▸ Required action: After finding the line with "Williams' Jacques Villeneuve" in the entries below, retype exactly each line from there through the line with "The interior is", including that final line.

** Information provided follows **

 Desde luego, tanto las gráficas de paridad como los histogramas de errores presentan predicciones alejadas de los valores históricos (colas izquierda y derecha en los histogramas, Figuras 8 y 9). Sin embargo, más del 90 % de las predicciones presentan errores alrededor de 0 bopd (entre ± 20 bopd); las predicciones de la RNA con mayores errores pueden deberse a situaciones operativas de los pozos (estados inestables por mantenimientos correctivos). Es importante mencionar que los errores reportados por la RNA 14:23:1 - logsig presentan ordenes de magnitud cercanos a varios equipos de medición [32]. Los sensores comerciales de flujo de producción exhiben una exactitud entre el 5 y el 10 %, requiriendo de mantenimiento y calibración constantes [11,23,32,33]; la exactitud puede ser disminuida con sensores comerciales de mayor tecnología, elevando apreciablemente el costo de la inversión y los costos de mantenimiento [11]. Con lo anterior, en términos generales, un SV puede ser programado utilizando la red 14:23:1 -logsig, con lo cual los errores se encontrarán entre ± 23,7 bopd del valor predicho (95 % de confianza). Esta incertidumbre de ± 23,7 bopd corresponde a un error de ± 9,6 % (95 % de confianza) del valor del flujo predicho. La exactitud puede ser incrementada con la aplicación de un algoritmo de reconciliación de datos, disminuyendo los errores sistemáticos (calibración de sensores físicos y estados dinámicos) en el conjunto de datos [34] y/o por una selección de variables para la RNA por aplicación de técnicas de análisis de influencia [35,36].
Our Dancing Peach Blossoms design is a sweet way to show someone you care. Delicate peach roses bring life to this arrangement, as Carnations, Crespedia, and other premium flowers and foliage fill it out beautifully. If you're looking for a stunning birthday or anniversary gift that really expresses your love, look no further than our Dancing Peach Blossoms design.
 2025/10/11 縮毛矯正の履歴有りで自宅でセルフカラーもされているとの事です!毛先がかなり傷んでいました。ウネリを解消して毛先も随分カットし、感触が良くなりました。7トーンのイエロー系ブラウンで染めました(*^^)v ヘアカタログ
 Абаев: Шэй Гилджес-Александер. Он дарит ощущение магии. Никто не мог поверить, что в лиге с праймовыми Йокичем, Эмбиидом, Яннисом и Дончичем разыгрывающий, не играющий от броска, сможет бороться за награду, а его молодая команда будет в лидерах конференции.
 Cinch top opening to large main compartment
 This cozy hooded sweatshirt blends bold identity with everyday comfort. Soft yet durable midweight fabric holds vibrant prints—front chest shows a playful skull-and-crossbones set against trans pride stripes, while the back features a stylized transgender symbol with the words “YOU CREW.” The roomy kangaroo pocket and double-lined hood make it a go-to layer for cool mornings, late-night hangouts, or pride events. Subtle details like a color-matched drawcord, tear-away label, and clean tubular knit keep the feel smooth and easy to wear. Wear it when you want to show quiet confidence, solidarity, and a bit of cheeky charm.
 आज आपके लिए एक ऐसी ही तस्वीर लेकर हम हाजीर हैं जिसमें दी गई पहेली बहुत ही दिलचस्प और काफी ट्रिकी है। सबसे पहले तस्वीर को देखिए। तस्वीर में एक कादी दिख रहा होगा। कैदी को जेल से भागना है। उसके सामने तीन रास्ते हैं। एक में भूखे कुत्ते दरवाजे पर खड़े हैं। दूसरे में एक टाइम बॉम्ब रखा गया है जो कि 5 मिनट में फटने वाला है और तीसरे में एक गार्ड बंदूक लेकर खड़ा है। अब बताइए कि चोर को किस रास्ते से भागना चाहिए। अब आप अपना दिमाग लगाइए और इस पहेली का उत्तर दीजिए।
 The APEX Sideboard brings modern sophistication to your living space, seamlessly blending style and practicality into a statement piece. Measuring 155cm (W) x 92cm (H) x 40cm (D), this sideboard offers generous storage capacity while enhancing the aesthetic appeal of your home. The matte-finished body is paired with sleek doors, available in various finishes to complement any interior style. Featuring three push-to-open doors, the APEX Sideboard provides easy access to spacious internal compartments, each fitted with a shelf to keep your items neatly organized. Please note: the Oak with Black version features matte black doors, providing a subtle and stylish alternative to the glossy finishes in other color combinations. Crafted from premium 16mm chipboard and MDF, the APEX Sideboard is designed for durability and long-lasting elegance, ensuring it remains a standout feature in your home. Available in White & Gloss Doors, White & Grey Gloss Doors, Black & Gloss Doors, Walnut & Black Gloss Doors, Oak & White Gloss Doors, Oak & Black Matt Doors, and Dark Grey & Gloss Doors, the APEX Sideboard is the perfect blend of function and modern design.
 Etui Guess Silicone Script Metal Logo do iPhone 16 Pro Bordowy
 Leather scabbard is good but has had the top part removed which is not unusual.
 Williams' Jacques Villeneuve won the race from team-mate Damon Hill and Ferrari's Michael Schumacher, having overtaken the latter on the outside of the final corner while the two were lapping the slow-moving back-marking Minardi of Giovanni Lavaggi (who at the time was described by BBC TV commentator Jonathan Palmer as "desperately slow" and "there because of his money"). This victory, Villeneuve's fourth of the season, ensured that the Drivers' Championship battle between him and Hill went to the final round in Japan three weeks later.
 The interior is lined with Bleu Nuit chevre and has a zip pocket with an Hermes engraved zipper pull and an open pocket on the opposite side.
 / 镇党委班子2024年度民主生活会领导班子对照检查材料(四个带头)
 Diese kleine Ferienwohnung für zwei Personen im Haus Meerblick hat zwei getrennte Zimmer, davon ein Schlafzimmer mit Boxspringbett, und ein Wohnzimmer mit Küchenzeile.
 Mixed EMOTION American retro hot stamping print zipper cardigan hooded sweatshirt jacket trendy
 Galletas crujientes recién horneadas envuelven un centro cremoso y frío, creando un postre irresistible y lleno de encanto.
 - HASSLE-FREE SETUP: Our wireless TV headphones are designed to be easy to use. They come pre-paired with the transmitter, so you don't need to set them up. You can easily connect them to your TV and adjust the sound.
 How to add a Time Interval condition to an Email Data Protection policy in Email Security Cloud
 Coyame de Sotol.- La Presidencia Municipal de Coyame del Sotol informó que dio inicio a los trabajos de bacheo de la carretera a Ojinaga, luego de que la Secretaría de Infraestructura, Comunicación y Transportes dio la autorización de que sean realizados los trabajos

** End of Information provided **

▸ Exercise solution:
 Williams' Jacques Villeneuve won the race from team-mate Damon Hill and Ferrari's Michael Schumacher, having overtaken the latter on the outside of the final corner while the two were lapping the slow-moving back-marking Minardi of Giovanni Lavaggi (who at the time was described by BBC TV commentator Jonathan Palmer as "desperately slow" and "there because of his money"). This victory, Villeneuve's fourth of the season, ensured that the Drivers' Championship battle between him and Hill went to the final round in Japan three weeks later.
 The interior is lined with Bleu Nuit chevre and has a zip pocket with an Hermes engraved zipper pull and an open pocket on the opposite side.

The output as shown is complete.